Julia Zaetta Starts at 60 - creative colourful headshot

Professional headshots are an excellent marketing tool for individuals and companies.  

  

When it comes to getting a perfect headshot, an important and often overlooked component is the selection of clothing colours that complement either yourself, your brand or both.  

  

The right colour can draw attention and create a powerful visual effect amongst prospects, clients and future co-workers.  

  

Before we get started, there are books upon books written up about colour theory, there are also hundreds of books about colour choices for clothing depending on your skin tone and complexion. Whilst this article will not be as in depth as these, we are hoping a few tips will be helpful to you when looking through your wardrobe.  

  

What Colour to Wear for Corporate Headshots?  

  

Linkedin says that profiles with a headshot get 21x more profile views however adding some more visual layers, including colour can certainly help make your headshot more memorable.  

  

  1. Neutral or Solid Colours 

  

Solid and neutral colours always work well as the eye is used to seeing them and they have little chance of overwhelming the frame. Light neutral shades include white and cream, while dark ones include navy and black.   

  

  1. Bold Shades around the Neckline  

  

Darker shades surrounding the neckline, such as the lapel of a blazer or the neckline of a top itself will help you draw focus to the face. This is often preferred over wearing a distinctive necklace, which will normally compete for attention instead of directing attention elsewhere  

  

  1. Classics Always Rock 

  

Classic business clothing options for a professional headshot, such as navy, blue and dark grey look good on practically anyone.
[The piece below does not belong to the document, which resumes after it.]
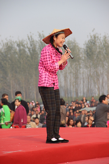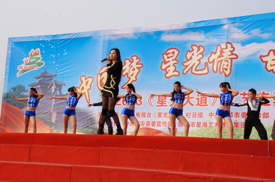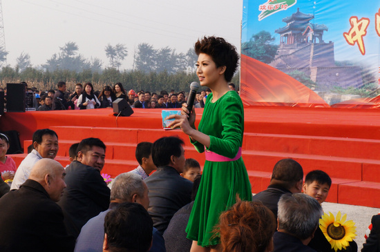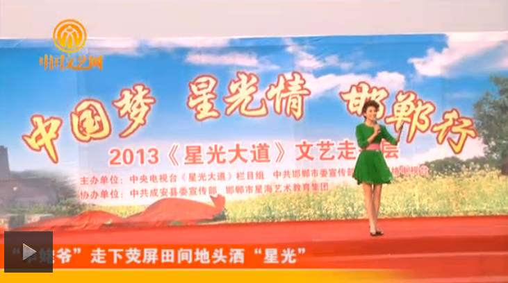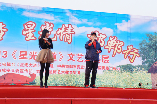 10月17日下午,一場集合了眾多央視《星光大道》草根選手、河北省邯鄲市成安縣的普通農民,由紫檀主持、畢福劍擔任嘉賓的文藝演出,在邯鄲市成安縣道東堡鄉(xiāng)西野莊村的田間地頭熱鬧開場,這場反映了《星光大道》百姓情懷的演出,拉開了“中國夢星光情”《星光大道》文藝走基層活動的帷幕,受到當?shù)匕傩盏臒崃覛g迎。

Classics, however, are very much industry dependent. Lawyers, financial services and other traditional, conservative industries tend to prefer understated, darker outer options whilst artists and designers are not so confined by a monochrome colour palette.  

  

  1. Black and White Photography 

  

If you plan to use black and white photography, we recommend you to for contrasting colours and tonality. For example, a bright white-coloured shirt with tie and navy-blue blazer will work well. A pastel top with a light grey jacket wont translate so well into black and white due to the lack of contrast. Once colour has been removed from the image, the tonality of the clothing will also be more like the skin tone so it will lack overall punchiness.   

  

  1. Deeper Colours Pop 

  

Instead of picking white, yellow, and other pale colours, for outdoor headshot sessions, consider bringing some deep colours. They will help you reduce the amount of light reflecting from them and ensure you do not appear washed out.  

  

  1. Avoid Graphics and Patterns  

  

We always recommend choosing a shirt or blouse of solid colours instead of something with a bold or graphic pattern. For branding photo shoots, it will help you highlight the company logos and slogans, and professional headshots will be more focused on the individual, without creating any distractions.  

  

  1. While Layering Wear Complementary Shades 

  

Layers help to add more interest but make sure that the colour combinations that you wear when layering complement each other. We advise keeping the colour combinations simple.  

  

Look at some of our favourite colour combinations below:  

  

Colour  

Goes well with  

Red  

Dark brown, purple, light green  

  

Yellow   

  

Light blue, red, black, and dark blue  

Blue   

  

White, pale green, dark green, and dark red  

Green   

  

Dark purple, dark green, black, and dark blue  

Pink  

Red, black, grey, and blue  

Teal   

  

Peach, dark blue, dark green, and dark red  

Purple   

  

Pale green, red, pale purple, and dark blue   

  

If you have planned to incorporate a pastel shade, add a dark-coloured blazer to preventing it from appearing lighter than it is.  

  

  1. Consider your Goals and your Industry  

  

Whilst picking an outfit colour, it is a good idea to keep your industry in mind as more traditional jobs tend to favour a more traditional approach to colour (black, navy, white, grey). That being said, if the goal of your corporate headshot is to stand out in a conservative environment, going against the grain with bright, punchy colours can also be effective.  

  

  1. Look to Nature for Inspiration 

  

You only need to look at a flower arrangement, fruit bowl or in the sky at different times of the day to see colour harmonies in action. Reds with greens, green with lavender, soft blue with pink or orange.  

  

  1. Do you want to create Harmony or Tension? 

   

Either can be achieved with a deliberate use of colour. Colours closer to one another on the colour wheel will yield a softer look, those directly opposite will provide the contrast, whilst remaining complimentary. Considering the goal of your professional headshot will also help you decide on this. If you are a therapist for instance, going for a monochromatic or analogous colour scheme may be more effective at creating a sense of peace.  

  

11: Colour Psychology  

  

Colours also have meanings which can add additional layers to any headshot. There is a reason when many corporate logos focus on dark blue as a core colour. Colour psychology is known to vary from country to country but generally for western countries, the below colour meanings and inferences hold true.  

  

  • Blue: Dependable, calm, trustworthy, loyal  
  • Black mysterious, ambiguous  
  • White: pure, perfect, innocent  
  • Red: passionate, determined, energetic  
  • Yellow: happy, intellectual  
  • Orange: optimistic, sociable  
  • Purple: Royal, imaginative  
  • Gold: successful, luxurious  
  • Green: Nature, growth  
  • Pink: girly, playful, nurturing, loving  
  • Brown: Earthy, secure  
  • Gray: Cool, unemotional  

  

12: Flashes of colour  

  

You can use colours to accent your eyes or a brand colour.  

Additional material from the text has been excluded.